The operational impact of this vulnerability is substantial as it fundamentally compromises the security posture of systems relying on ZITADEL for identity management. Attackers can now execute more effective brute force campaigns against user accounts, potentially leading to unauthorized access to sensitive systems and data. The vulnerability affects the core authentication security controls that organizations depend on to protect their digital assets, making it particularly dangerous in environments where identity infrastructure serves as a critical security boundary. Organizations using affected versions of ZITADEL face increased risk of account compromise and potential lateral movement within their networks through successful credential theft.

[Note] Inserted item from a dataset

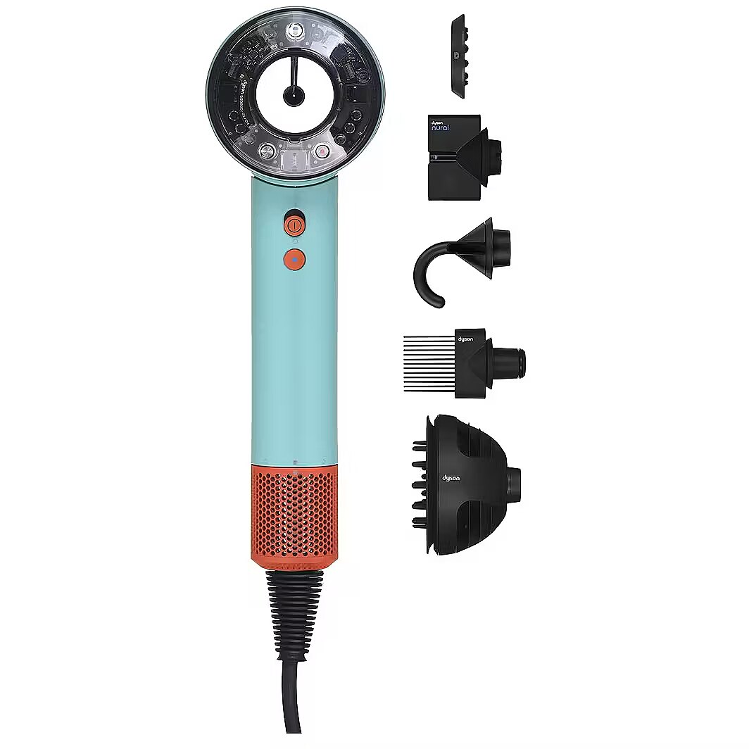 Description - Dyson Supersonic Nural hair dryer(Strawberry Bronze/Blush Pink) Special edition colorway includes a Presentation case. Engineered for healthy hair, a healthy scalp, and to protect new hair growth​ Scalp protect mode auto-adapts heat and airflow for a 3x stronger scalp barrier and more shine.⁴ Engineered to reduce flakes, shedding, and balance oils Fast drying. No heat damage​. Pause detect – decreases airflow when set down Attachment learning remembers your preferences² 5 styling attachments for all hair types

This vulnerability aligns with CWE-305 authentication weakness patterns and represents a failure in access control enforcement, specifically related to insufficient account lockout mechanisms. The flaw demonstrates poor implementation of rate limiting and concurrent access controls, which should be classified as a security misconfiguration according to the MITRE ATT&CK framework under the credential access category. Organizations should immediately upgrade to patched versions 2.40.5 or 2.38.3 to remediate this vulnerability, as the patch addresses the core implementation issue preventing parallel authentication attempts from being properly tracked against the configured lockout thresholds. The fix ensures that failed authentication attempts are properly aggregated and counted against the maximum configured limit regardless of how many parallel requests are initiated, restoring the intended security controls for account protection.